EU-Gipfel in Brüssel Wenig Einigkeit bei Öl, Gas und Strom
Beim Frühjahrsgipfel der EU dreht sich diesmal alles ums große Thema Energie. Allgemein gehaltenen Erklärungen zu einer gemeinsamen Energiepolitik dürften die meisten Mitglieder letztlich wohl zustimmen, doch sobald es ans Eingemachte geht, wird es kompliziert.
Von Klaus Scheffer, WDR, Hörfunkstudio Brüssel
Ihren großen Auftritt hat die Bundeskanzlerin heute Abend. Wenn die Staats- und Regierungschefs über Möglichkeiten einer gemeinsamen Energiepolitik reden, hält Angela Merkel das Eingangsreferat. Das Thema Energie ist durch die hohen Ölpreise und durch die Gaskrise Anfang des Jahres, als Russland die Lieferungen in die Ukraine aussetzte und auch einige EU-Länder in Mitleidenschaft gezogen wurden, weit nach oben gerückt. Plötzlich ist allen klar geworden, dass die Abhängigkeit von Lieferungen aus Nicht-Mitgliedsstaaten womöglich zu groß ist.
Der Wunsch: Gemeinsame Energiepolitik
Deshalb legte die EU-Kommission vor zwei Wochen ihre energiepolitische Strategie vor, für die der Präsident der Behörde, Jose Manuel Barroso in flammenden Worten warb: "Europa kann nicht verkraften, weiterhin 25 unterschiedliche und unkoordinierte Energie-Politiken zu betreiben", sagte der Kommissionschef. "Die EU hat die Größe, erfolgreich zu sein und auch die nötigen Instrumente. Wenn wir also Größe und Instrumente schon haben, dann brauchen wir nur noch den politischen Willen." Den Willen, tatsächlich eine einheitliche Energiepolitik zu verwirklichen. Und den, so wünscht es sich der portugiesische Kommissionspräsident zu seinem heutigen 50. Geburtstag, sollen die versammelten Staats- und Regierungschefs jetzt bekunden.
Das werden sie bestimmt tun: Auch Angela Merkel werde in ihrem Referat die Notwendigkeit einer europäischen Energiekonzeption betonen, die die Abhängigkeit von Öl- und Gasimporten verringere, heißt es.
Die Wirklichkeit: Nationale Interessen überwiegen
Doch nach solch allgemein gehaltener Zustimmung enden die Gemeinsamkeiten bereits. Schon bei der Frage des Energie-Mixes - also der Entscheidung, auf welche Energieträger man sich konzentrieren möchte - lassen sich die Mitgliedsstaaten nur ungern hereinreden. Auch Deutschland, wie Umweltminister Gabriel jüngst in Brüssel betonte. "Ich glaube, dass wir eine europäische Debatte brauchen. Ich glaube aber auch, dass diese europäische Debatte am Ende nicht in Frage stellen darf, dass beispielsweise der Energiemixes eine nationale Angelegenheit ist. Das fällt nicht unter das Gemeinschaftsrecht, das sollte es auch in Zukunft nicht tun."

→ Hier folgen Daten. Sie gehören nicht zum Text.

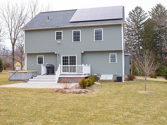 Smart and energy efficient home. Only 10 minutes from I-91, this 4 bedroom, 2 1/2 bath colonial features an open concept with hardwood floors throughout the first floor. The kitchen boasts granite countertops, stainless steel appliances, upgraded cabinets and kitchen island seating. The 2nd floor offers a master suite and 3 additional bedrooms with 2nd full bathroom.This fantastic home comes complete with a finished basement with an overhead projection theater and plenty of room for entertaining. Enjoy starry nights on nearly a 1/2 acre of land which offers a a 12' x 16' composite deck, expanded patio seating area and jetted hot tub. This smart home can be controlled right from a phone. From adjusting the temperature, lighting, opening the garage door, you are always just a swipe away. Ready to be done paying electric bills? The solar panels are owned and generate more power than the home uses. Save over $2,000 per year in utility costs.
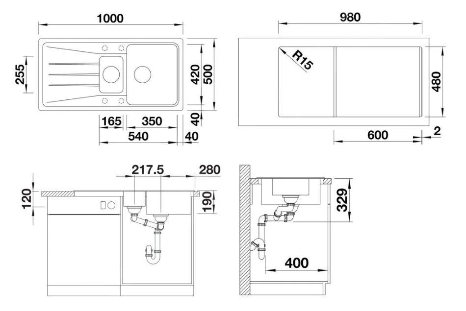 - zonder excentrische bediening, d.w.z. zonder bediening op afstand van de waste
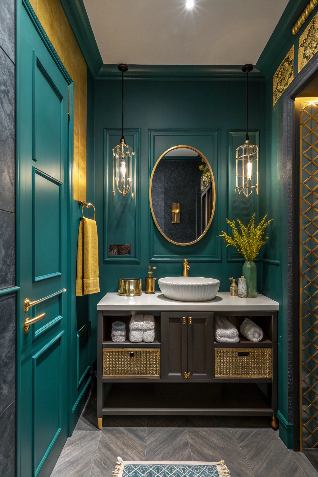 Incorporating lively accent colors can invigorate your dark bathroom, adding personality and warmth. Consider jewel tones like emerald green, burnt orange, or deep burgundy to create eye-catching contrasts. These hues work beautifully with dark palettes, making the space feel inviting and dynamic. Metallic accents also complement these colors, adding a touch of glamour.
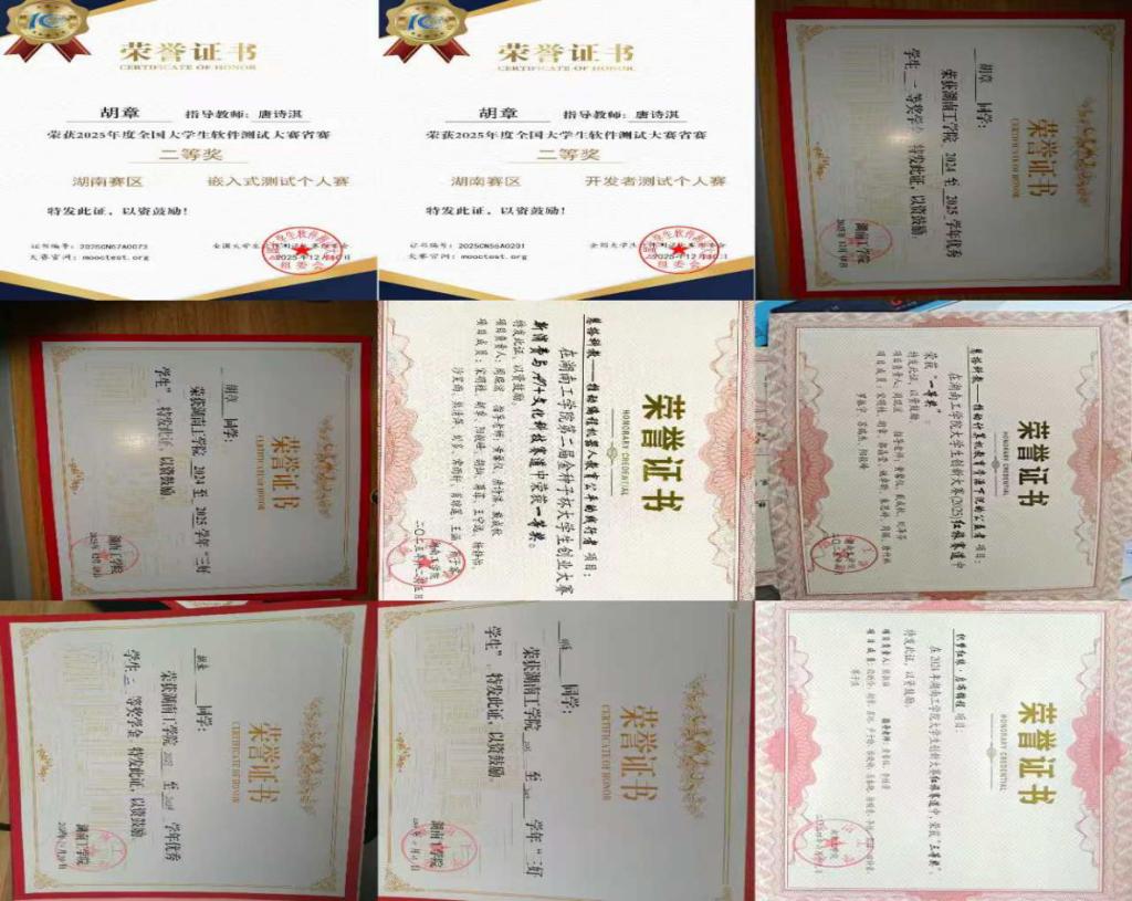 胡章,男,汉族,计算机科学与工程学院2023级软件工程专业学生,担任班级学习委员、计算机学院团委学生会学习部副部长。在校期间荣获国家励志奖学金1次、2025年全国大学生软件测试大赛开发者与嵌入式赛道省级二等奖、第二届金种子杯大学生创业大赛校级一等奖、2025年大学生创新大赛红旅赛道校级一等奖,获校级一等奖学金1次、校级二等奖学金1次,获评校级三好学生2次、优秀班委1次。

Heikles Thema für die Bundesregierung bleibt die Kernenergie. In Deutschland gilt noch der von rot-grün durchgesetzte Ausstieg. Andere Länder – und auch die EU-Kommission – wollen an der Atomkraft festhalten. Wünsche der Kommission nach mehr Kompetenzen, gar nach einer Brüsseler Regulierungsbehörde, werden von den meisten Mitgliedsländern abgelehnt.
Und dann ist da noch der große Streit um die künftige Struktur des EU-Binnenmarktes im Energiebereich. Zwei große Übernahme-Projekte spalten derzeit die Gemeinschaft. Der deutsche EON-Konzern möchte mit dem spanischen Versorger Endesa fusionieren, wogegen die spanische Regierung mobil macht. Und den Versuch des italienischen Unternehmens Enel, die französische Firma Suez zu unternehmen, beantworten die Franzosen durch einen Zusammenschluss von Suez mit dem Staatsbetrieb Gaz de France – eifrig befördert durch die Regierung in Paris.
Italien scheitert mit Erklärung gegen Protektionismus
Protektionismus sei dies und gegen die Prinzipien des Binnenmarktes, heißt es dazu in Brüssel. Italiens Finanzminister Tremonti hatte gar eine Erklärung vorbereitet, in der er das französische Verhalten als Wirtschaftsnationalismus geißeln wollte, punktgenau zum Gipfeltreffen. Nach herber Kritik an diesem Vorstoß zog Tremonti ihn gestern Abend wieder zurück. In der Sache bleibe er aber bei seiner Meinung, so der Italiener, später werde er auch wieder darauf zurückkommen – nach dem Gipfel.